The goal of every writer committed to the paper: To confront the evil, horrible, racist Orange County of Nixon, Reagan, Dornan, and Rackauckas, and destroy it so that the good may live.
The old journalism adage: comfort the afflicted, afflict the comfortable.
Sure, that was the basic mission of most alt-weeklies in the U.S. But OC Weekly was different.
Others swung far too the left, or were too SJW; OC Weekly was beholden only to the Truth, and lived to antagonized those who deserved it.
Other alt-weeklies served as springboards for talented writers to go to bigger, better places.
The ranks of former Weeklings at bigger places is impressive — The Atlantic, NBC News, HuffPo, Los Angeles Times, MTV in its heyday, and more. But the true Weekling only wanted to stay at OC Weekly and raise desmadre there and only there forever, leaving only when forced out by economic realities or a loser owner.
Most alt-weeklies published story after story, yet left no real legacy of changing the community they served.
Just some of the highlights in the OC Weekly’s span: innocent people out of jail. Guilty idiots in jail, out of politics, out of careers.
The comforting of the afflicted, the afflicting of the comfortable.
The prognosticators of trends, the unearthers of hidden histories.
Haidl Three. Gary Webb. Catholic Church sex-abuse scandal. Killer cops. Hate groups.
The pin that gleefully poked holes at the Orange County bubble until it deflated.
One of the few newspapers in the United States whose newsroom reflected the demographics of the area it served.
And for that holy path, Weeklings were reviled.
But even its most committed haters had to read what the Weeklings would publish next.
How would OC Weekly further alter Orange County?
Who was the next Burger Records, Taco Maria, Breath of Fire Theater? The subject of a Gilhooley cover image, a rant, a deep dive, an entry in the Scariest People issue?
The Orange County of today — majority-minority, with no Republicans in the congressional delegation, an enlivened activist front, and youngsters obsessing about the past — would’ve been impossible without OC Weekly.
And now, it seems it’s gone for good.
The lords of Orange County won the battle, but OC Weekly won the war for Orange County’s soul.
I ramble all the above, of course, with complete bias.

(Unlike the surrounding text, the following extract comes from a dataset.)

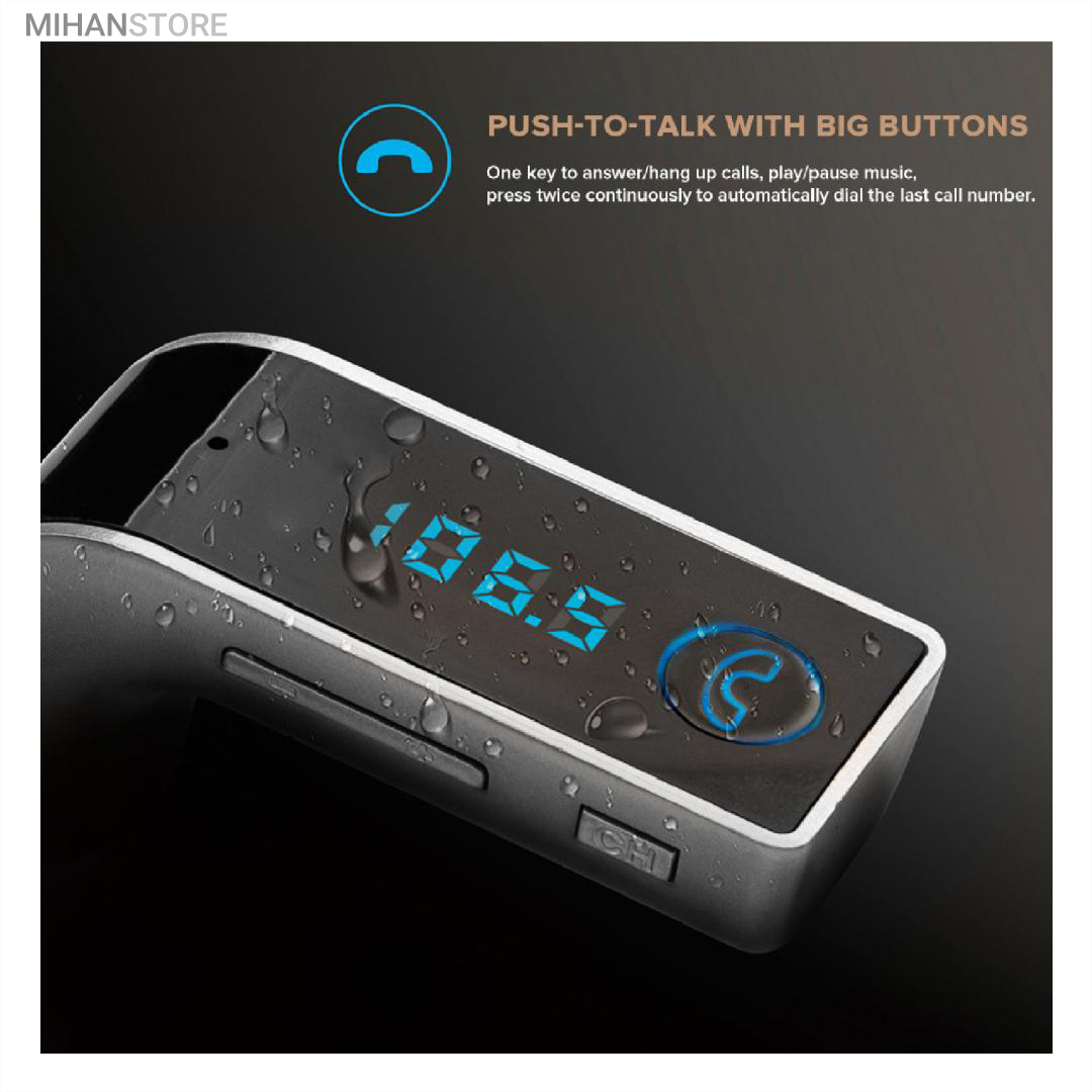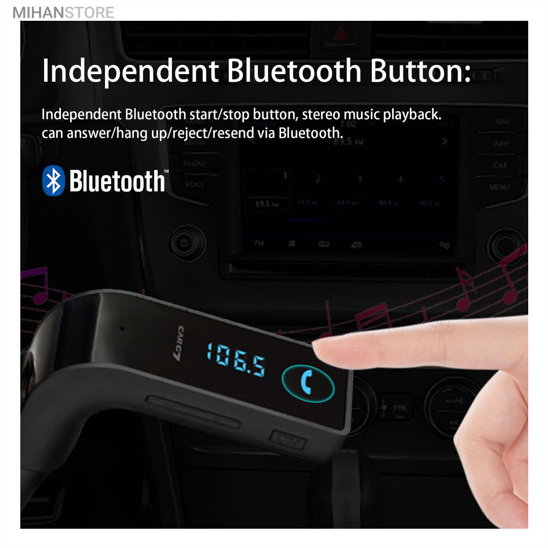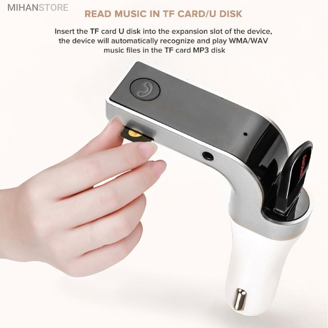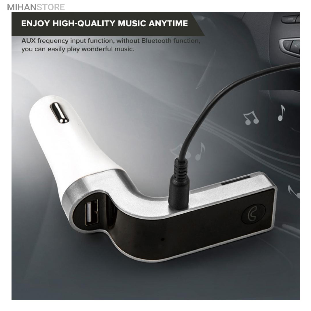 این محصول یک موزیک پلیر و شارژر فندکی است که علاوه بر شارژ تجهیزات گوناگون از طریق اتصال USB، امکان اتصال بیسیم به سیستم پخش خودرو و پخش موزیک های ذخیره شده در حافظۀ متصل شده به آن سیستم را داراست.این پلیر قابلیت پخش موزیک از روی فلش مموری های USB، کارت حافظه های MicroSD را نیز دارد. این موزیک پلیر همچنین قادر است از طریق بلوتوث به گوشی موبایل وصل شده و از طرف دیگر بوسیله بخش اف ام ترانسمیتر به سیستم پخش خودرو متصل شده و موزیک های موجود در حافظۀ گوشی موبایل را از رادیوی خودرو پخش کند. در صورت دریافت تماس ورودی در حین ارتباط بلوتوثی بین گوشی موبایل و سیستم پخش خودرو، موزیک به صورت خودکار قطع شده و تماس تلفنی در حالت اسپیکر برقرار خواهد شد؛ با پایان تماس تلفنی پخش موزیک به طور خودکار ادامه خواهد یافت.این موزیک پلیر از فرمت های صوتی MP3، WMA، MAV و FLV پشتیبانی کرده و دارای یک صفحۀ نمایش LED است. محصول فوق مجهز به فناوریCVC بوده و توانایی حذف اِکو و نیز کاهش نویز را دارد.Car G7 یک FM player با گیرنده بلوتوثی میباشد که قابلیت پخش موزیک از طریق بلوتوث و USB را داراست و همچنین از رادیو FM نیز پشتیبانی میکند.

I was with OC Weekly from about 2001 until 2017, the last six years as editor. It was my first job as an adult, and what got me into journalism — an origin story I’ve told many times before.

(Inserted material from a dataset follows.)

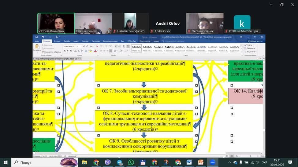 30 січня 2026 року відбулося засідання проєктної групи освітньо-професійної програми «Тифлопедагогіка. Сурдопедагогіка», кафедри спеціальної педагогіки ХНПУ імені Г.С.Сковороди. До зустрічі приєдналися і прийняли активну участь в обговоренні проекта ОП представники академічної спільноти, провідні фахівці у галузі тифлопедагогіки і сурдопедагогіки ІСПП імені М. Ярмаченка НАПН України, стейкхолдери програми та здобувачі вищої освіти (другий (магістерський) рівень). Зустріч була присвячена вирішенню таких питань:

It‘s the reason you’re reading me today – why you even give a shit about me. It was my dream job — a native Anacrimer writing about the place he loved and hated more than anything else in the world. I always joked that the only way I would leave the infernal rag was on a gurney or in handcuffs.
I left two years ago of my own volition, falling on my sword instead of allowing Weeklings to lose their jobs.
I am now a loyal Timesman, the subject of a canto in a couple of weeks, to mark my one-year anniversary at the Los Angeles Times.
Covering my homeland is now in my past. Today, I cast my pen toward California and the West, with a weekly “Orange County Line” commentary for KCRW (every Monday around 1:40 p.m. for Greater L.A. with Steve Chiotakis — #RollTide) my only regular rumination on la naranja.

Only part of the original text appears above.